3. Quale significato ha per noi l’evento straordinario della nascita di Gesù Cristo? Quale “buona notizia” ci reca? A quali traguardi ci sospinge? San Luca, l’evangelista del Natale, nelle parole ispirate di Zaccaria, ci presenta l’Incarnazione come la visita di Dio: “Benedetto il Signore Dio d’Israele, perché ha visitato e redento il suo popolo, e ha suscitato per noi una salvezza potente nella casa di Davide, suo servo” (Lc 1, 68-69).
Ma che cosa produce nell’uomo la “visita di Dio”? La Sacra Scrittura testimonia che quando il Signore interviene porta salvezza e gioia, libera dall’afflizione, dona speranza, cambia in meglio la sorte di colui che è visitato, apre prospettive nuove di vita e di salvezza.

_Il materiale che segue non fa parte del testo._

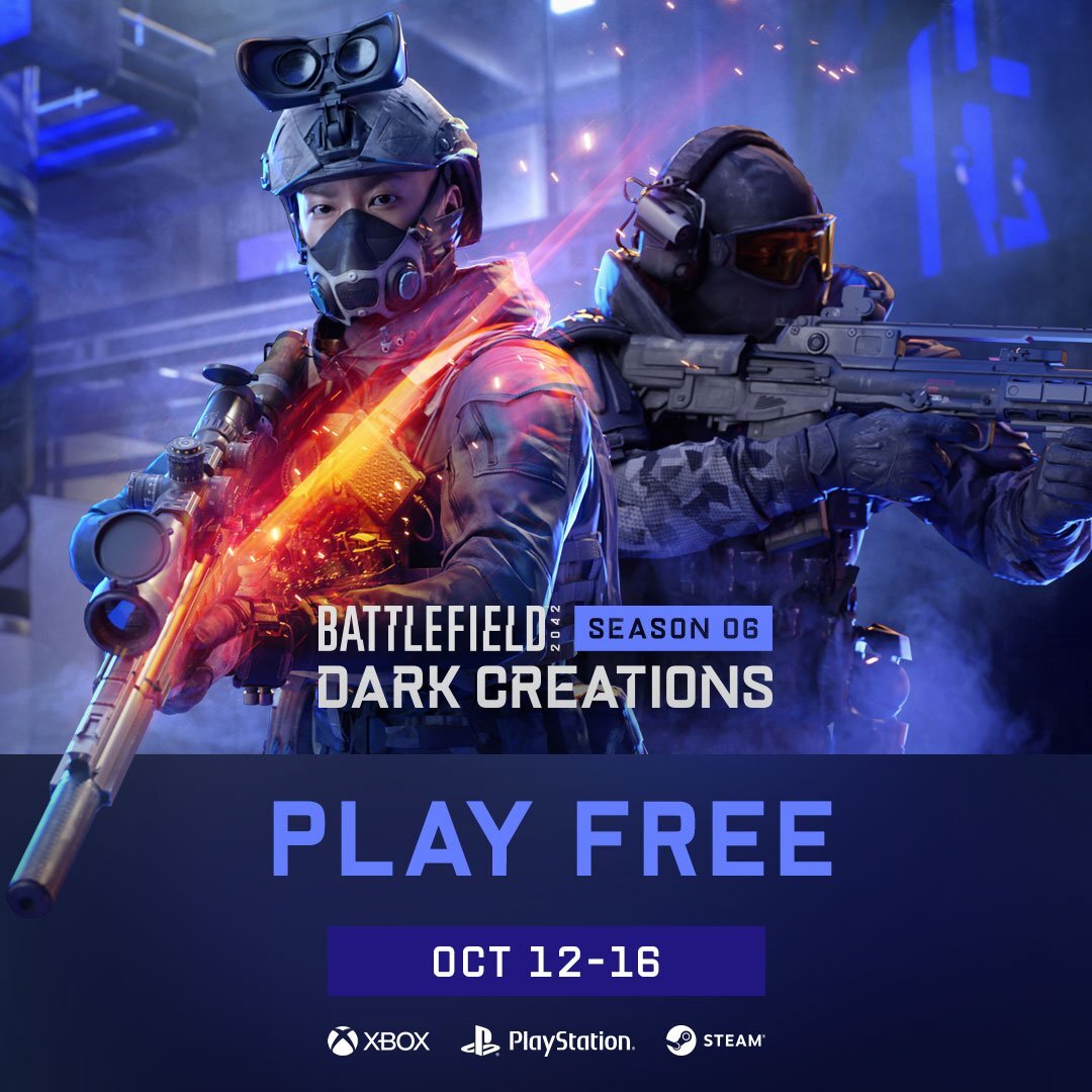 Уже 10 октября в Battlefield 2042 стартует шестой сезон, получивший название «Тёмные творения». В честь этого события шутер станет временно бесплатным — акция продлится с 12 по 16 октября. Со стартом нового сезона в игре появится ката «Засекречено», которая представляет собой секретную подземную лабораторию в Шотландии, технику YUV-2 Pondhawk, гаджет — метательные подсумки патронов и медицины, три модели оружия — G428, L9CZ и VHX D3, а также боевой пропуск с уникальными наградами, включая скины для специалистов, оружия и техники. Контент шестого сезона: Боевой пропуск:
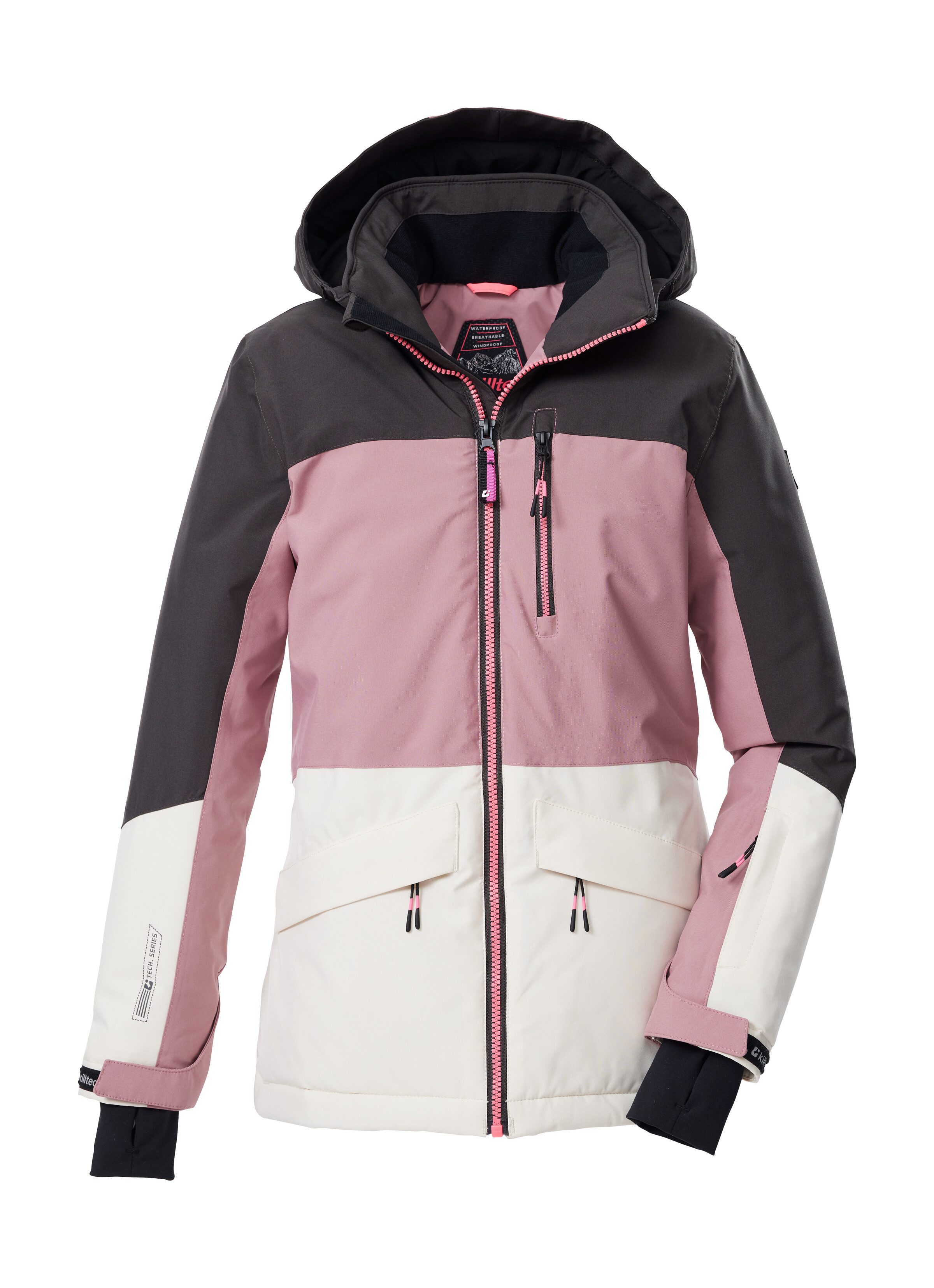 Besondere Merkmale | Wasserdichte, atmungsaktive Kinderjacke mit Schneefang und Taschen |

Il Natale è la visita di Dio per eccellenza: in questo evento, infatti, Egli si fa vicinissimo all’uomo nel suo Figlio Unigenito, che manifesta nel volto di un bambino la sua tenerezza per i poveri e i peccatori. Nel Verbo Incarnato è offerta agli uomini la grazia dell’adozione a figli di Dio. Luca si preoccupa di mostrare come l’evento della nascita di Gesù cambi veramente la storia e la vita degli uomini, soprattutto di quanti l’accolgono con cuore sincero: Elisabetta, Giovanni il Battista, i pastori, Simeone, Anna e soprattutto Maria sono testimoni delle meraviglie che Dio opera con la sua visita.
In Maria, in particolare, l’Evangelista presenta non solo un modello da seguire per accogliere Dio che ci viene incontro, ma anche le prospettive esaltanti che si aprono per chi, avendolo accolto, è chiamato a diventare, a sua volta, strumento della sua visita e annunciatore della sua salvezza: “Ecco, appena la voce del tuo saluto è giunta ai miei orecchi, il bambino ha esultato di gioia nel mio grembo” esclama Elisabetta rivolta alla Vergine, che le reca in se stessa la visita di Dio (Lc 1, 44). La medesima gioia pervade i pastori, i quali recatisi a Betlemme su invito dell’angelo e avendo visto il bambino con sua Madre, tornano “glorificando e lodando Dio” (Lc 2, 20), perché sanno di essere stati visitati dal Signore.
Alla luce del Mistero che ci apprestiamo a celebrare, formulo a tutti l’augurio di accogliere in questo Natale, come Maria, Colui che viene a “visitarci dall’alto” (Lc 1, 78), con cuore aperto e disponibile, per diventare strumenti della gioiosa visita di Dio per quanti incontriamo sul nostro quotidiano cammino.